4-cycle ops complicate instruction scheduling, since they indicate an addition 3 cycles of latency per operation. The fact that the port itself cannot issue for an additional 3 cycles can complicate the heuristics in the scheduler, and the buildup in the ROB and other buffers can lead to non-AVX ports being starved for want of scheduler space.
Sandy Bridge already arranged its units in such a way that each port had consistent execution latencies internally to help reduce contention.
With 1 to 3 to 5 latency ops being possible now, having 6 and 8 or more cycle operations overlaid is a complex problem. I'm curious if they'd be given their own domain to keep them from interfering with the other ports. It might be possible that instead of overloading existing ports and reducing access to all their functionality, the bulkier ops will be issued to new ones.
Just like on a GPU, that completely depends on the ratio of memory accesses to arithmetic instructions. An L2 cache miss takes only 11 cycles on Sandy Bridge, while two threads can hide 8 cycles with a single AVX-1024 instruction.

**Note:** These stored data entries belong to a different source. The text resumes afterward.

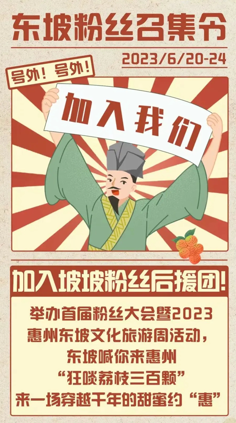 惠州日?qǐng)?bào)訊 (記者龔妍)他是至情至性的北宋大文豪,也是“頂流”吃貨;他是為民造福的“斜杠青年”,也是曠達(dá)灑脫的“樂(lè)天派”……他,就是蘇東坡。首屆東坡粉絲大會(huì)暨2023惠州東坡文化旅游周活動(dòng)將于6月20日至24日舉行,“東坡”喊你來(lái)惠州,來(lái)一場(chǎng)穿越千年的甜蜜約“惠”。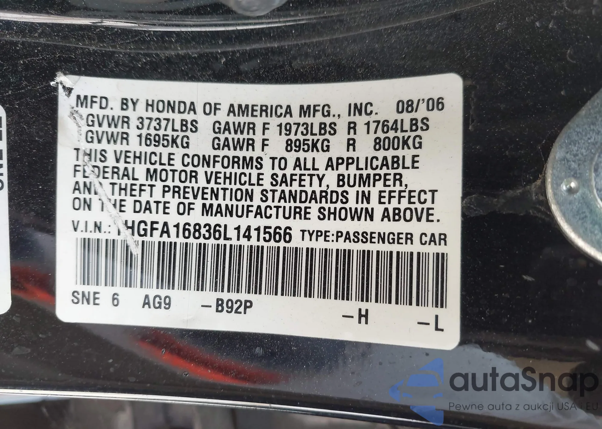 LOT: 42197391 VIN: 3HGCM56333G709703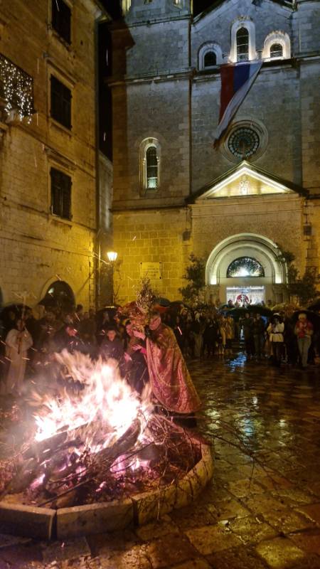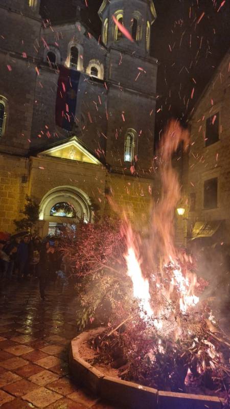 Након свечаног налагања бадњака обратио се архијерејски намјесник которско-тиватски и парох которски, протојереј-ставрофор Немања Кривокапић.

An L2 cache hit is 11 cycles. A miss to the L3 is roughly in the upper 20s.
Actually serving an AVX-1024 memory access is of uncertain latency without defining how many cache ports of what width we are talking about, cache line length, the width of the L1-L2 bus, and the additional latency of consecutive line fills.
The cache would need to be rearchitected significantly. Sandy Bridge's cache, for example could not cleanly service two threads, each with an AVX-1024 memory access hitting the L2.
Bandwith is insufficient even for an L1 hit.
Bank conflicts would take their toll with at most one cache line per cycle.
If the loads were broken up into separate 128-bit accesses, the L1 cannot have more than 10 misses to higher levels of memory, meaning one of the instructions would be stuck pending a completion of two or more L1 cache line fills.
edit:
The cache controller may be able to pick up on the sequential accesses and coalesce them into a smaller number of L1 cache line misses to the L2. If so, then somewhere between 3-5 may be handled somewhat cleanly by the L2.
The atomicity of the ops may need additional provisions. AVX-1024 would always cross at least one cache line boundary, which may insert a additional latency to prevent an an update to one of the lines while the op is in-flight.